Dataset =>

■ ■ ■ ■ ■ ■ ■

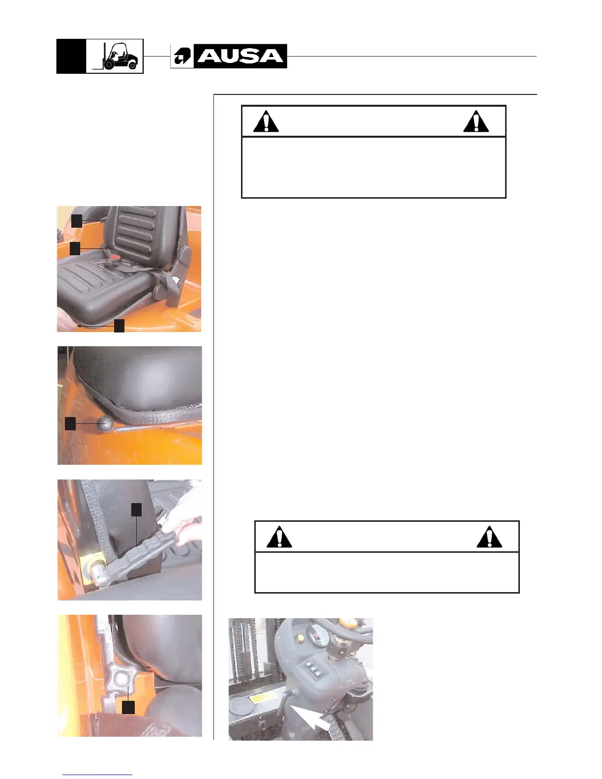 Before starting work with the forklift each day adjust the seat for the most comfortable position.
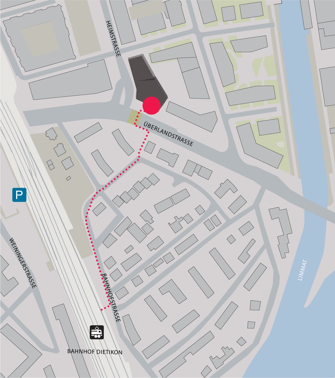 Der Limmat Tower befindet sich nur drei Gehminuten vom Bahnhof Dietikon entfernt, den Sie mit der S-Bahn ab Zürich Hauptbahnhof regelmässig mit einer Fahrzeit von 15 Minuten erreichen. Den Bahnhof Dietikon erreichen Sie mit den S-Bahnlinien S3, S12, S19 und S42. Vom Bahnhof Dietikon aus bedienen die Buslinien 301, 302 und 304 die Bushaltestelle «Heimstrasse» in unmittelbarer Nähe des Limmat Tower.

■ ■ ■ ■ ■ ■ ■

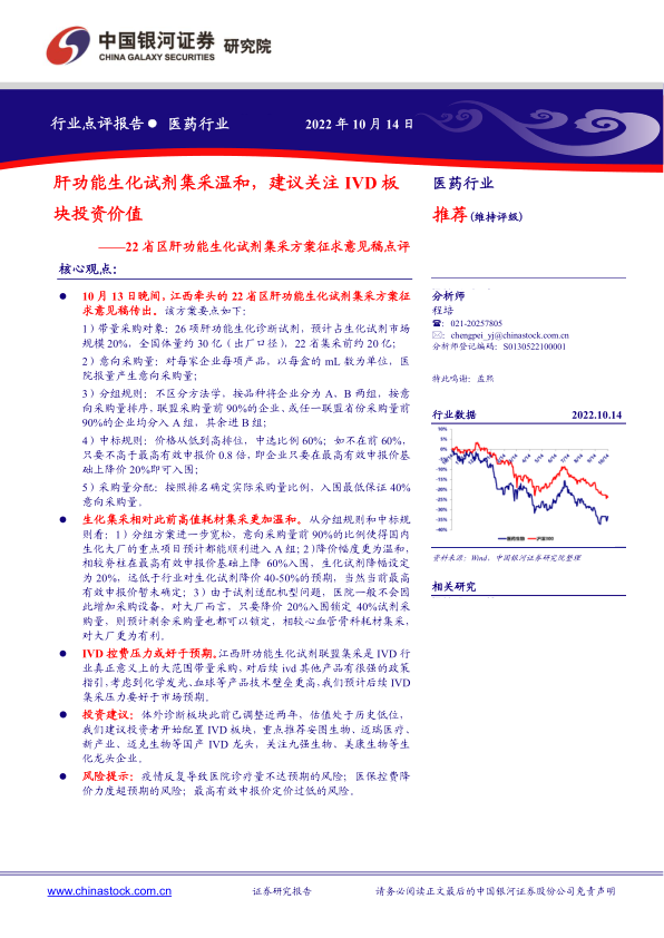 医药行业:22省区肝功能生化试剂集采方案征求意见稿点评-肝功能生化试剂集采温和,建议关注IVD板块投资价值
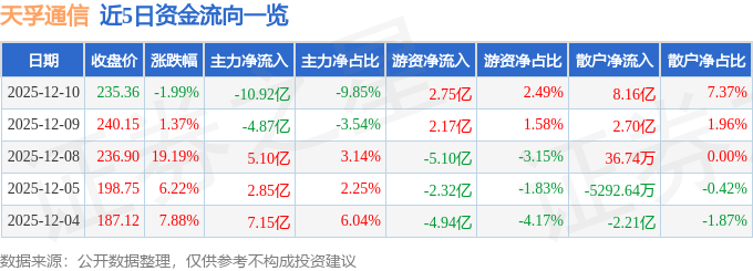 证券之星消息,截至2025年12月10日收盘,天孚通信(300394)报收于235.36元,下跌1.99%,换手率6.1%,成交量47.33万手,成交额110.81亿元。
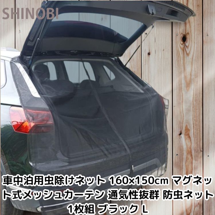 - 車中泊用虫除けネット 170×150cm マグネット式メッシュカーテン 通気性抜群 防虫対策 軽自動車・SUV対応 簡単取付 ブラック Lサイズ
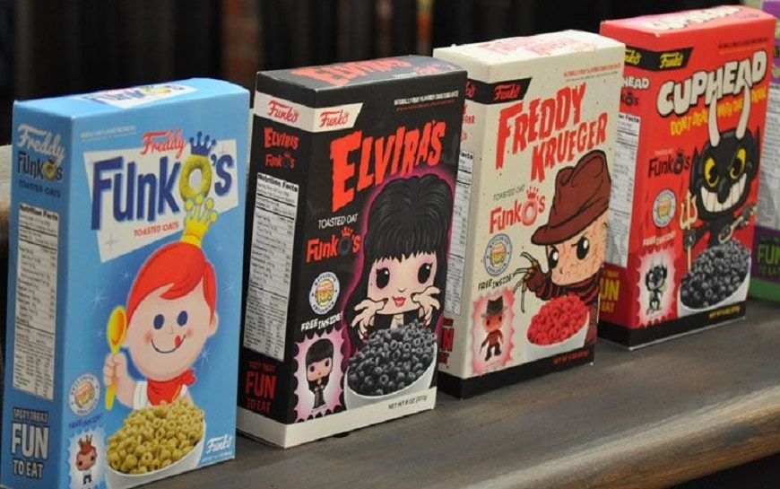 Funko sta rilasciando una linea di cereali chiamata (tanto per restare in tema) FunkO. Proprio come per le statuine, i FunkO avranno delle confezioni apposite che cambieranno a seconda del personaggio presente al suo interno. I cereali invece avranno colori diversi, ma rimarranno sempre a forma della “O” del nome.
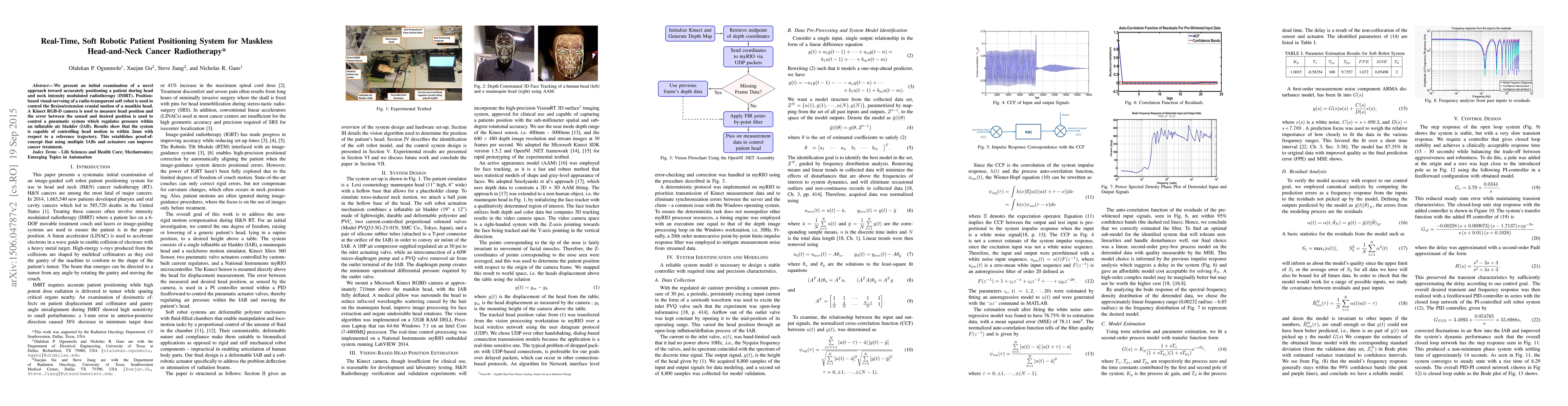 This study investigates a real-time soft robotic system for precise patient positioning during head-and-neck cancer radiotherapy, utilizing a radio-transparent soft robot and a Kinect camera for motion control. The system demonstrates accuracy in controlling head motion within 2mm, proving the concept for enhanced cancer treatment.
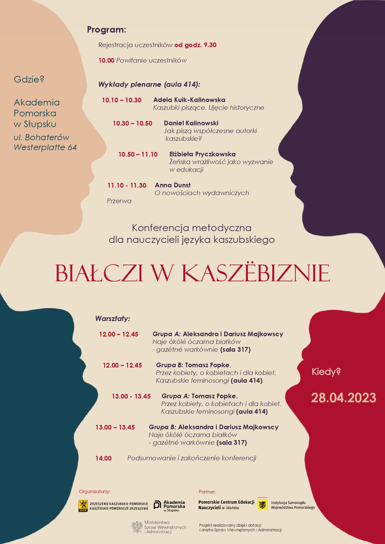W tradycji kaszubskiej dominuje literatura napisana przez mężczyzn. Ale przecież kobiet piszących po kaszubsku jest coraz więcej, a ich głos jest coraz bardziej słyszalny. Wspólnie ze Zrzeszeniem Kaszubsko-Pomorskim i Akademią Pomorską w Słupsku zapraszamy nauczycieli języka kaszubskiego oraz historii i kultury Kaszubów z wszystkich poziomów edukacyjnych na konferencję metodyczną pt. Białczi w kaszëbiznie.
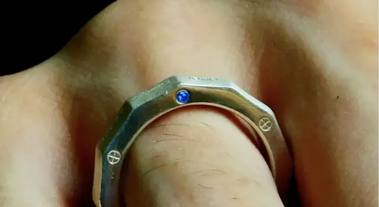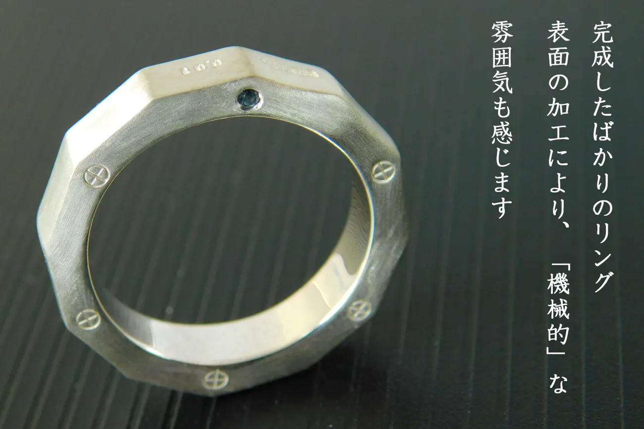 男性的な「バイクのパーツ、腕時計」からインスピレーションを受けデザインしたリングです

■ ■ ■ ■ ■ ■ ■

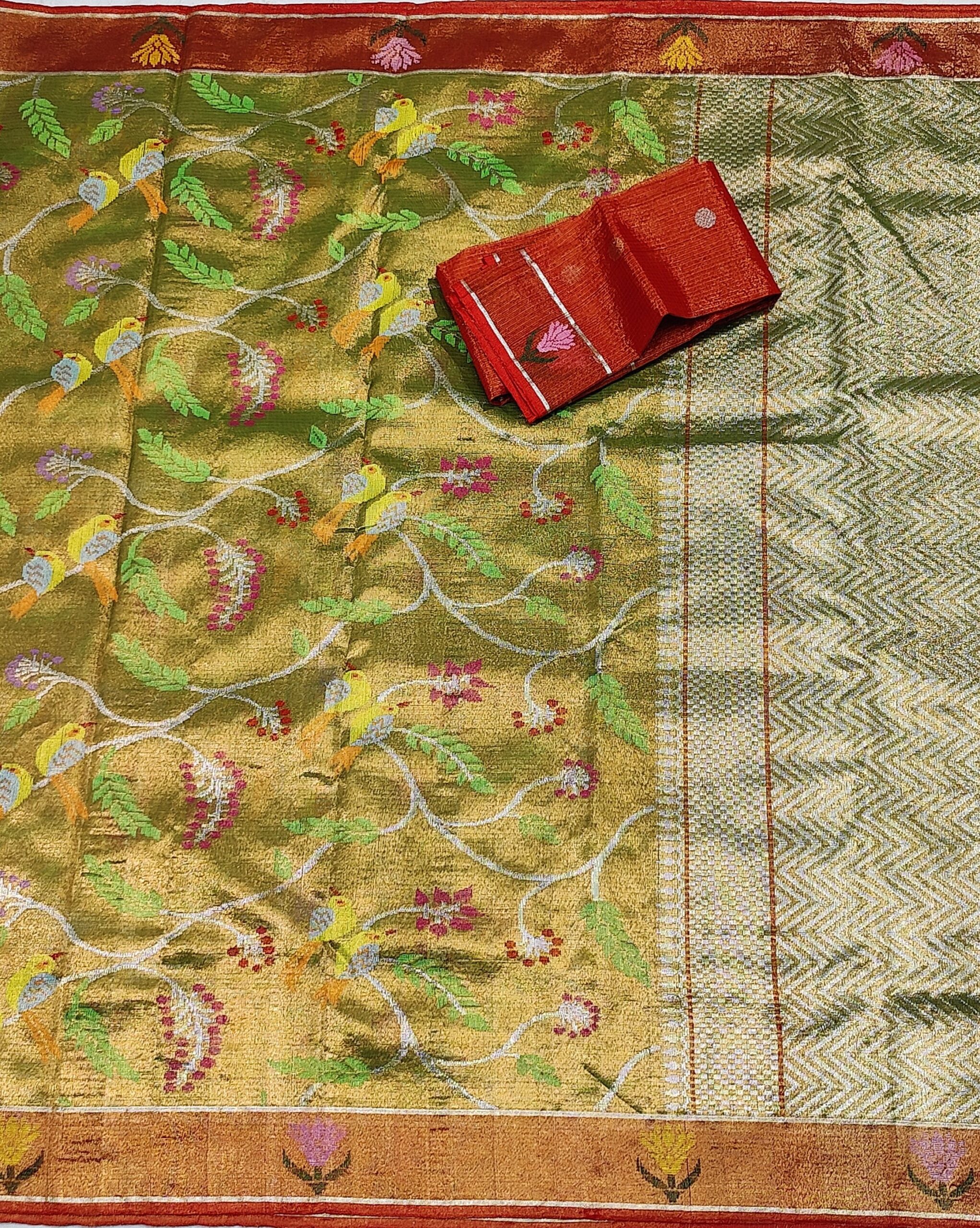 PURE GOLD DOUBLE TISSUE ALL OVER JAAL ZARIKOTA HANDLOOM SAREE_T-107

■ ■ ■ ■ ■ ■ ■

Your goal => Your copy should hold only the lines above from the one containing "W tradycji kaszubskiej" through the one containing "男性的な「バイクのパーツ、腕", exactly as written and free of pictures.

Result =>
W tradycji kaszubskiej dominuje literatura napisana przez mężczyzn. Ale przecież kobiet piszących po kaszubsku jest coraz więcej, a ich głos jest coraz bardziej słyszalny. Wspólnie ze Zrzeszeniem Kaszubsko-Pomorskim i Akademią Pomorską w Słupsku zapraszamy nauczycieli języka kaszubskiego oraz historii i kultury Kaszubów z wszystkich poziomów edukacyjnych na konferencję metodyczną pt. Białczi w kaszëbiznie.
 男性的な「バイクのパーツ、腕時計」からインスピレーションを受けデザインしたリングです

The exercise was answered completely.